I was telling my daughter about this journal page and we started talking about our earliest memories. It’s strange, but her earliest memories are vivid for me as well, just from another perspective. Her earliest memories are my mid-life memories. They are clearly her memories, but I remember the events too, just from a really different perspective. Anyway, it got me really thinking about my earliest memories and now old memories are new again, returning to me.

When I was working on this page I used the words “way back”, because at 51, 3 years old is way back. Sometimes I can’t remember what I did last weekend, so going back 48 years is a huge stretch. But I have memories from then that still touch me today. My tender heart remembers dear, sweet things that still resonate with me.


My Grandmother, Frances Whitney.

Most of them center around my grandmother’s house. We lived with her for a while when we moved from Brazil back to Colorado. It’s a long story, but my father had a posting in Bahia and after a couple of years and internal, Brazillian political troubles, we moved back to the states. My grandmother was tough as nails (we called her Grandmother) and a great nature lover, she helped raise me. She was a gardener and birder and to this day I still love both of these things. She would be 115 today, if she was still alive. She died one week after her 100th birthday, the year my daughter was born. I have one precious picture of her, my mom, myself and my 3 month old daughter. Four generations all together – from 100 years to 3 months old. It’s remarkable. For me at least. But I digress.

This journal page is me making my 3rd birthday cake. While I don’t remember this exact day, I remember things from this time. The background of the page is the very, what’s now called “mid-century”, 1959 curtain pattern from my grandmother’s living room. I remember cavorting around the yard with my cousin at this house and the amazingly terrifying rural fire siren that would ring out unexpectedly and spring and summer mornings laying in bed, the scents of the garden wafting through the window.


Western meadowlark.

I had another moment of way back the other morning when I ventured out to get the newspaper. My yard backs up to a bit of open space. What’s known in Colorado as “high plains.” The best thing about it, besides the nightly coyote serenade, is that it is truly “open space”. Not great for recreation – it’s a hill and it’s covered with yucca and prickly grasses that stick to your shoe laces and socks when you try going out for a ramble – just “unused”, glorious, open space. Big slabs of rock dot the hillside and some old farm implements hide, tucked behind a little rise. But this is the perfect habitat for one of my favorite birds and one that takes me back to my earliest memories. The western meadowlark. And on this late winter morning (just a bit of spring in the air), I heard my first meadowlark of the season. This, for me, is my harbinger of spring, the soundscape of hope and renewal. Hearing the meadowlark’s song takes me straight back to my grandmother’s house, waking as a young child listening to this marvelous song. Have a listen here.

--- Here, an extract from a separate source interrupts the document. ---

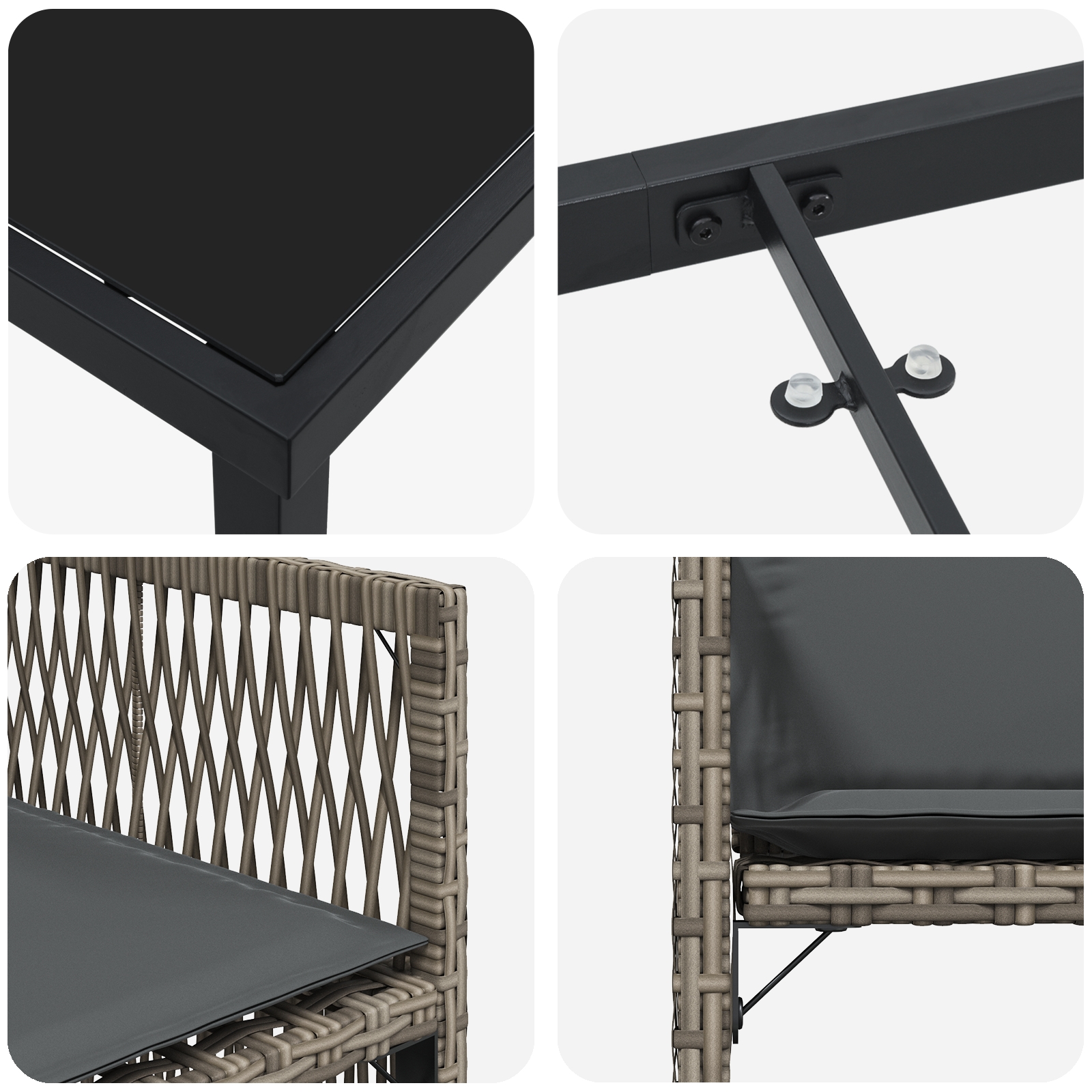 • Componente incluse: Vine cu un blat din sticlă elegant și ușor de curățat după mese. Are spătare și cotiere confortabile din poliratan, gândite pentru momente relaxante. Picioarele robuste îi oferă stabilitate pe suprafețe variate, iar umplutura moale din poliester aduce un plus de confort la fiecare masă.
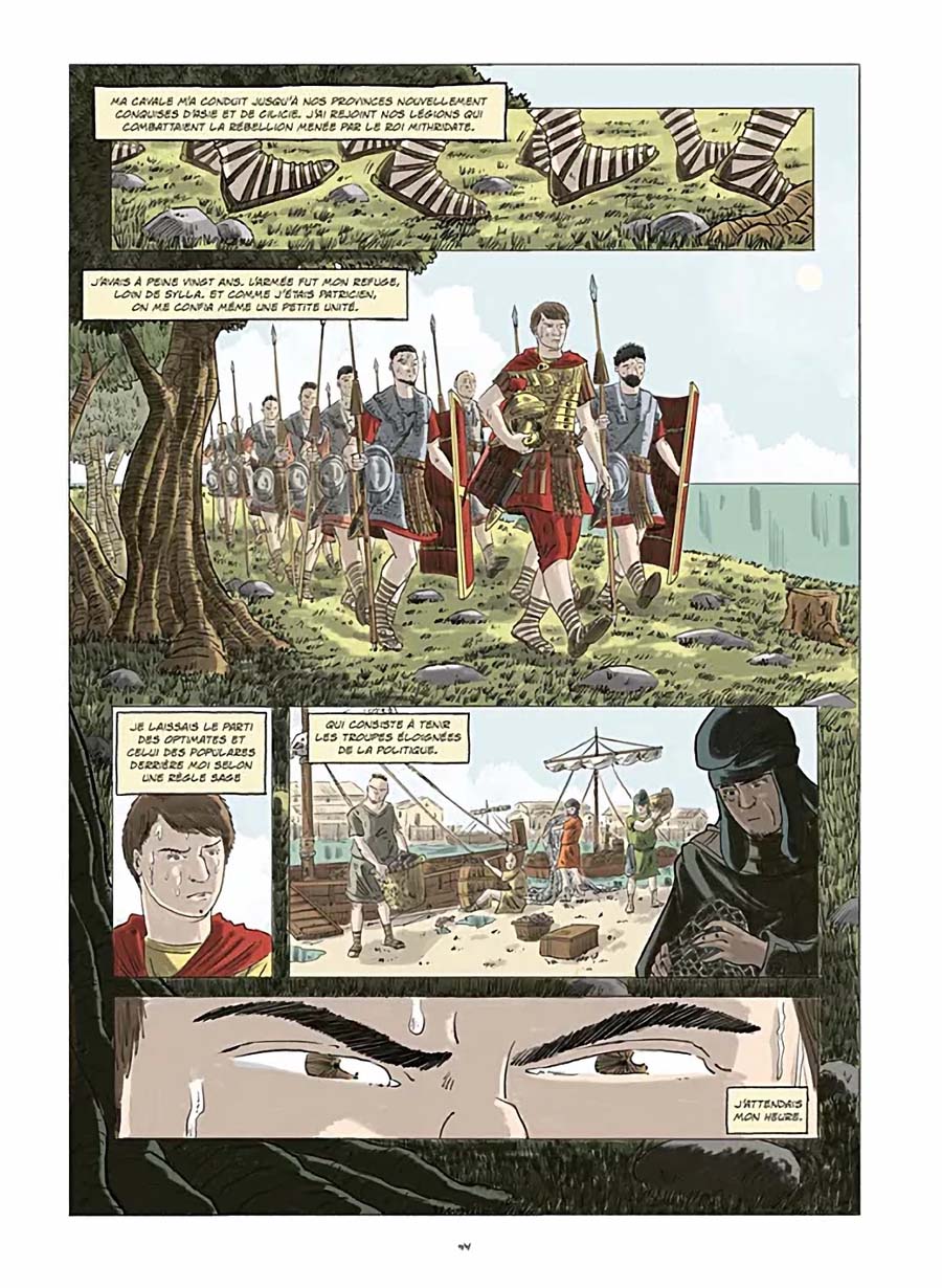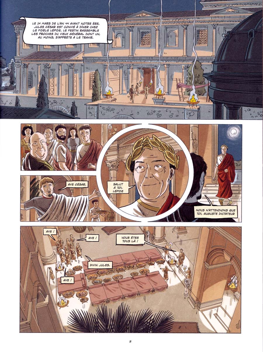 Cette série pourrait très bien avoir sa place dans une bibliothèque dévolue à l'histoire de Rome. En effet les auteurs proposent un récit historique très détaillé et référencé comme le prouve les nombreuses pages de notes en fin d'ouvrage. De nombreux passages sont basés sur les écrit de Suétone ou de Plutarque mais aussi sur les recherches de nombreux spécialistes de la période et bien sûr avec les écrits de César pendant la Guerre des Gaules. Contrairement à une série comme Murena fiction historique qui fait place à beaucoup d'émotionnel, ici il s'agit bien d'un récit historique complet et détaillé où quelques situations fictives donnent de la souplesse et de la fluidité à la narration. La lecture est soutenue mais accessible. Le personnage peu, sympathique de César mérite cette attention tellement il a marqué la destinée européenne comme modèle politique ou militaire. La vie familiale du dictateur n'est pas oublié tant qu'elle sert la destinée politique de l'homme. Les auteurs évitent le voyeurisme intime même si le fameux "le mari de toutes les femmes et la femme de tous les maris" est évoqué brièvement. Les auteurs donnent une bonne visibilité à un récit qui aurait pu être très confus tellement il y a de personnages, d'alliances et de trahisons pendant ces plus de vingt ans de pouvoir. J'ai beaucoup aimé la partie jeunesse de César très bien mis en perspective par les auteurs. A travers la guerre civile des Optimates contre les Plébéiens ce passage fonde une grande partie des actions postérieures du maitre de Rome. Le portrait est implacable tout en évitant un jugement de valeur d'une vision contemporaine. César était sans état d'âme un horrible génocidaire, esclavagiste et impérialiste. Pourtant il est resté un modèle historique qui a même eu sa place de façon humoristique dans nos albums préférés. Je trouve que cela à de quoi faire réfléchir. Le graphisme est précis . On pourrait lui reprocher son côté scolaire mais cela correspond à l'esprit d'enquête historique sérieuse que propose la série. La violence est très présente mais contenue sans volonté malsaine de voyeurisme. Ainsi le dessin équilibre bien un texte recherché qui essaye du mieux possible de rendre la pensée politique de César. Une bonne lecture pour les amateurs d'Histoire et plus.

I think we carry these earliest memories with us always. And as I’ve thought about it this week, I realize how much and how often I use them as touchstones.

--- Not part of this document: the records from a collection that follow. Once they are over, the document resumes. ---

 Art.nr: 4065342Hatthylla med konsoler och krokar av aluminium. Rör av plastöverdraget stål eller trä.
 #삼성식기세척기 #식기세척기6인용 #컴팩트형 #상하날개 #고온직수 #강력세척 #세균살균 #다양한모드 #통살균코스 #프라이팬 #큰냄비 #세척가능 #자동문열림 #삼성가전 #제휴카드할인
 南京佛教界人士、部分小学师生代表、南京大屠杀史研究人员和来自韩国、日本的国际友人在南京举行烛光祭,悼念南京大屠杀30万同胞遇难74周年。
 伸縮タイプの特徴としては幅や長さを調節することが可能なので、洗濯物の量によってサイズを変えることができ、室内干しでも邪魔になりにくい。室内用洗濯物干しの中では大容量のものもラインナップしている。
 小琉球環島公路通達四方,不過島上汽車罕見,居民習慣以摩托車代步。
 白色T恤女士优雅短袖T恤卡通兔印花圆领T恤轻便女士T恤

Thank you Dawn for this memory invoking journal prompt. It took me way back and brought me right into the present moment. What could be better?

3 Responses to Way Back

  1. Dawn says:

    Awesome, Fran! Aren’t memories wonderful?!

  2. Leah Kahn says:

    I find it so bizarrer that your bird memories are so tender, and mine are, well, let’s just say, at the other end of the spectrum. Earliest memories – you’ve almost inspired me with this piece to commit to paper my own. Almost.

  3. Gwen says:

    What a lovely post! I spent every summer in Colorado when I was growing up, or I should say, two weeks of it, at my grandparent’s house in Granby. I could smell the sage on the hill behind my grandmother’s house while reading about the open space behind your house. I haven’t had a memory where I could smell that place I loved for a very long time, so thanks for your post!